VI - Talent reconnu  > "L'Après-Midi d'un peintre"

De toute façon Conrad se trouva empêché de terminer son tableau par un abcès au genou qui l’immobilisa tout au long d’octobre et ne céda qu’à la lancette du jeune docteur Diriks (1). Ce fut donc une autre composition (2) d’une taille moindre de moitié que Kickert envoya au salon d'Automne : elle montrait deux nus sur une mince plage bordée de rochers. La carnation de ces deux figures est très différente : bronze et albâtre. La première, de dos, est reprise d’une étude très enlevée, faite d’après Gée. Pour la seconde, de face, Conrad n’avait pas de modèle à Talou, et il semble bien s’en être passé ; mais on y trouve moins de personnalité, et pour tout dire, de la banalité. Impression peut-être fausse, qui, en tous cas, ne fut pas ressentie par la critique. Mais cette dernière fut tout de même partagée. Thiébault-Sisson (3) décrivit la toile ainsi : "deux femmes vautrées au pied d’une falaise exhibent des anatomies d’une désespérante maigreur et des formes péniblement contournées ; mais l’accord entre la falaise et les nus est très franc et l’œuvre, sans être bonne, est puissante". Vauxcelles (4) rencontrait des qualités et des défauts en d’autres endroits que son confrère : "J’ai vu de M. Conrad mieux que ses nus d’un dessin contestable en un décor désaccordé, ce qui n’empêche pas de reconnaître les bonnes qualités du technicien". Martin (5) jugea les nus "un peu hâtifs mais puissants". René-Jean (6) rattachait Kickert à un groupe de peintres "qui regardent du côté de Segonzac". Jean-Louis Vaudoyer (7) n’aima pas "les deux baigneuses plates comme des soles et longues comme des sauterelles où M. Conrad Kickert a dépensé beaucoup de talent, mais qui sont inertes et moroses et qui donnent l’impression d’un vain exercice". Raynal (8) ne pensait pas que "Cupidon pourrait s’émouvoir à leur vue". Pire encore, elles ne donnèrent à Rey (9) qu’une impression "de vulgarité, de faux réalisme, de prétention surtout". Tabarant (10) cita seulement le peintre, sans commentaires, tout comme Sarradin (11). Bien sûr, Conrad fut déçu. Critique d’art lui-même, il attachait de l’importance à l’avis de ses confrères, tout en regrettant que, littérateurs et non artistes, ils fussent très sensibles à ce qu’un tableau disait et pas assez à la façon dont il le disait.

En fin d’année, quand il exposa chez van Deene en compagnie de huit autres peintres (12), il semble bien que la critique néerlandaise le déçut encore davantage non par ce qu’elle dit de lui, mais par son silence.

(1) : Lettre de CK à Bronner, oct-nov 1924 (RKD, La Haye, archives Bronner).
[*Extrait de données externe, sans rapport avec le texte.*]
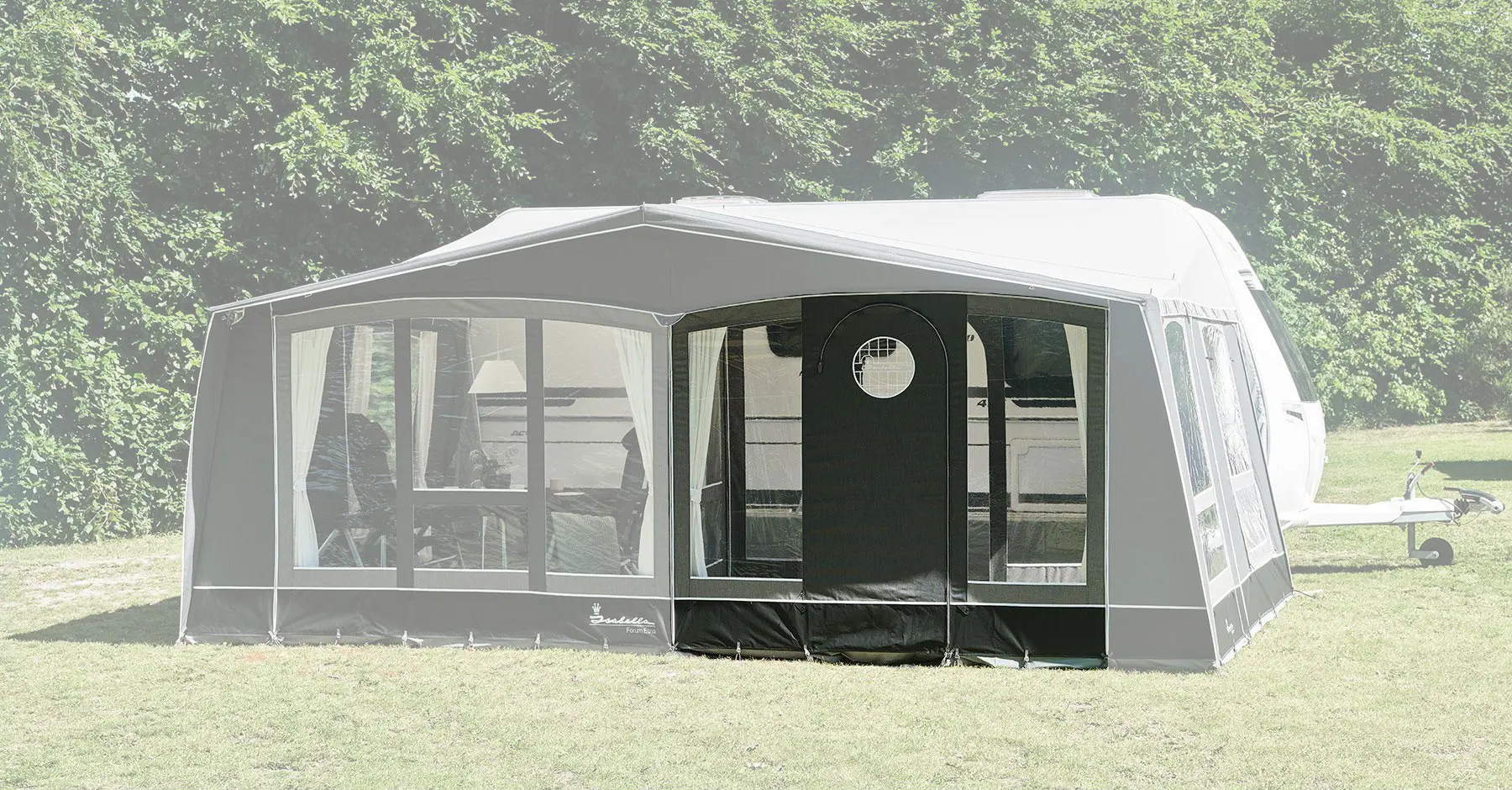 When you buy an extra front panel, you can create a small lobby, giving you even more flexibility in your Forum awning.
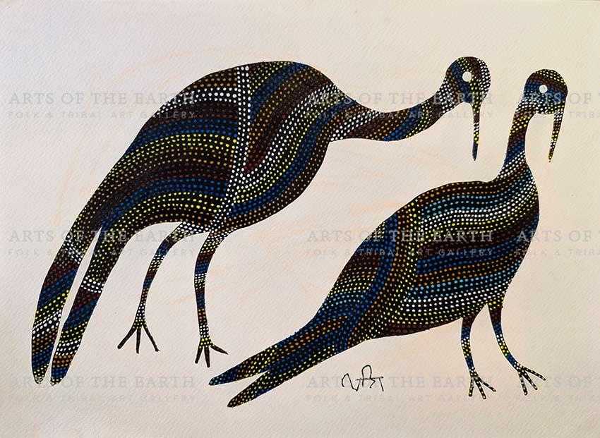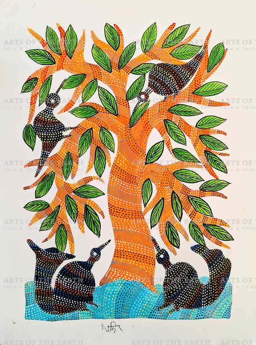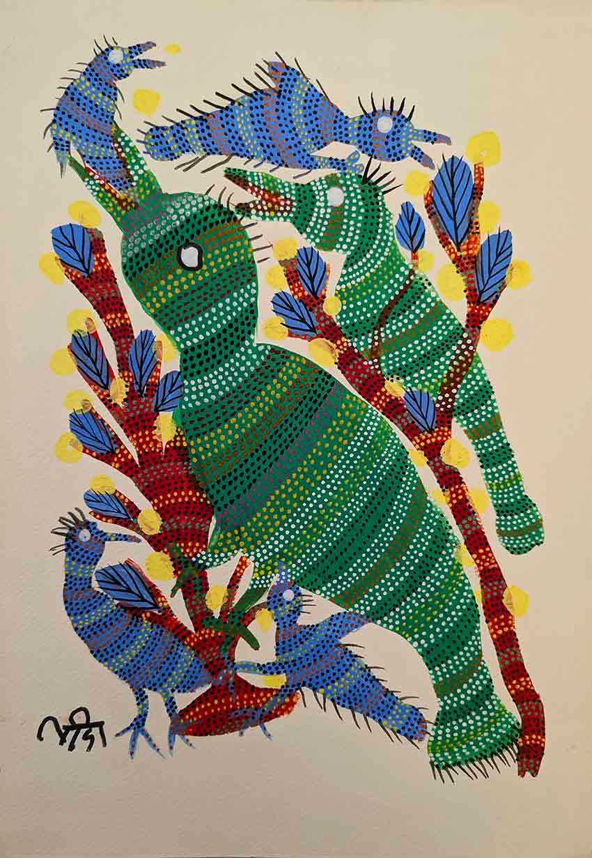 She has been part of several group exhibitions such as ‘Creative Customs: International Folk Art,’ Peninsula School of Art, USA (2016); ‘water+wisdom Australia-India,’ Royal Melbourne Institute of Technology, Australia; and solo shows such as ‘Merging Narratives,’ Ojas Art Gallery, Delhi (2022). Her works are part of several prestigious art collections, such as the Indira Gandhi National Center for the Arts, Saffronart in Mumbai, the National Handicrafts and Handlooms Museum in New Delhi, and the Sutra Gallery in Wisconsin, USA. In 2017 she received the Master Ojas Art Award at the Jaipur Literature Festival, solidifying her position as a leading figure in the Bhil art movement. The Indira Gandhi National Center for the Arts, Saffronart in Mumbai, the National Handicrafts and Handlooms Museum in New Delhi, and the Sutra Gallery in Wisconsin, USA. She is currently based in Bhopal.
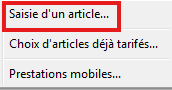 Dans la fenêtre Création d’une Ligne de Facture (avec Article), sélectionnez le chapitre Avoir ou créez-le avec
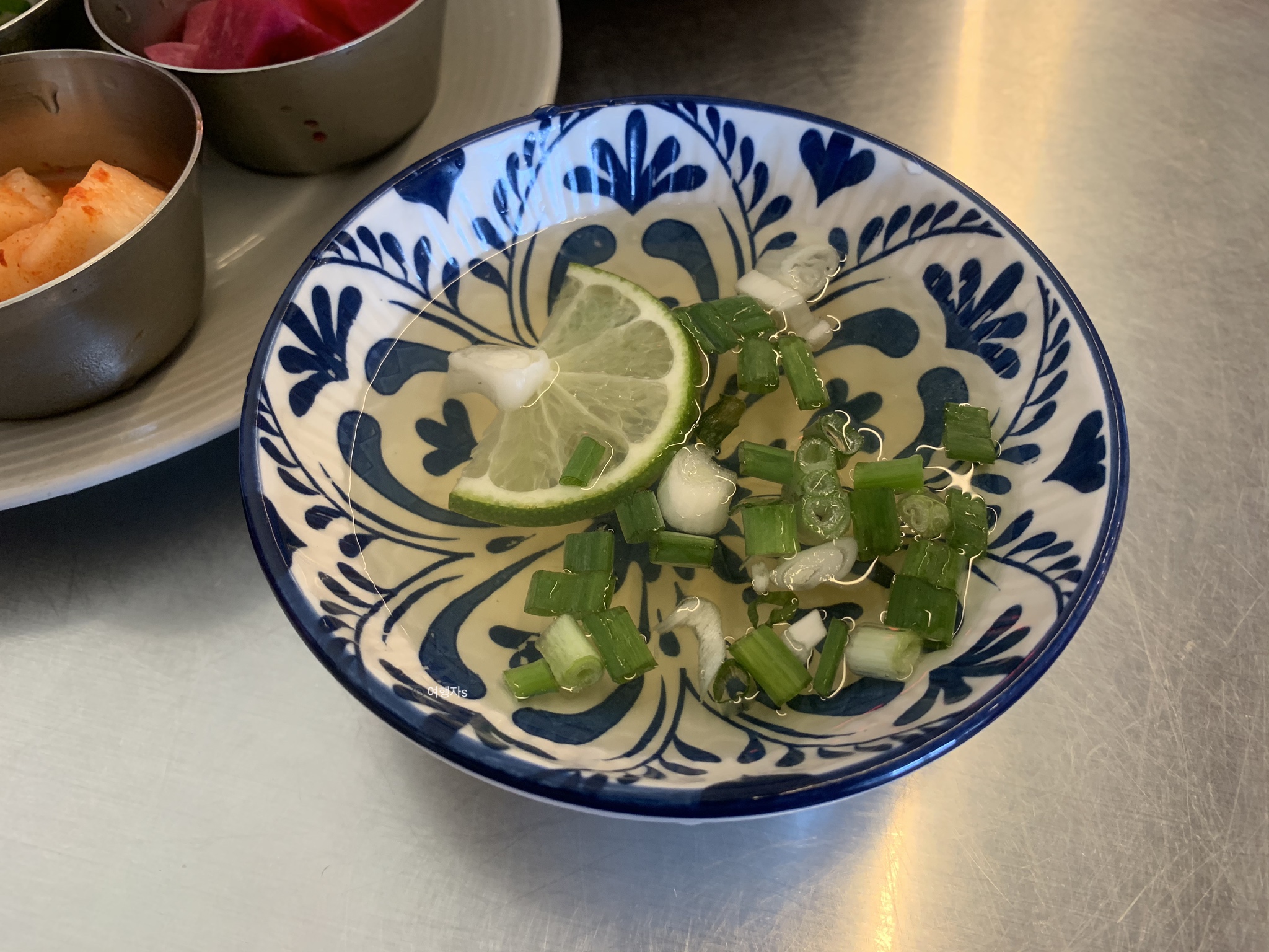 이 새콤달콤한 소스에 야채와 고기, 그리고 면을 함께 찍어먹으면 입 안에서 맛의 환상의 조화가 일어납니다

Van Deene s'inquiétait dans sa lettre à CK du 17 octobre 1924 : "Est-ce que 'l'Après-Midi d'un peintre' a été terminée pour le salon ?". Déjà Chris de Moor, le 18 septembre 1924, à propos d'œuvres qu'il songeait à exposer, avait écrit à CK : "elles sont à peu près dans le même état que ton 'Après-Midi d'un peintre', c'est à dire trop loin pour les laisser et trop fraîches pour les exposer sans d'importantes précautions de maniement" (archives Gard-Kickert). La date de 1923 inscrite par CK sur cette œuvre pourrait faire penser qu'elle a été reprise alors qu'il l'avait crue un temps terminée. Mais, le plus probable est qu'il s'agit d'une erreur de datation de CK. C'est Chris de Moor qui a posé pour le personnage du peintre, bien placé donc pour connaître l'état d'avancement de la toile ; de plus Valdo Barbey dans une carte du 23 février 1925 écrit à CK : "comment va ta grande toile, j'y pense souvent et serai heureux de la voir terminée" (archives Gard-Kickert).
(2) : "Les Baigneuses" 1924 (162 x 130 cm) Opus 24-02.
(3) : In le Temps du 31 octobre 1924.
(4) : In l'Excelsior du 30 octobre 1924.
(5) : In Paris-Soir du 1er novembre 1924.
(6) : In Comœdia du 31 octobre 1924.
(7) : In Art et décoration de décembre 1924.
(8) : In l'Intransigeant du 12 novembre 1924.
(9) : In le Crapouillot du 1er novembre 1924.
(10) : In l'œuvre du 31 octobre 1926, sous le pseudonyme de l'Imagier.
(11) : In le Journal des débats du 31 octobre 1924.
(12) : Valdo Barbey, Boussingault, La Fresnaye, Lotiron, Jean Marchand, Mare, L-A. Moreau et Segonzac. Du 29 novembre au 20 décembre 1924, à la Galerie d'art français.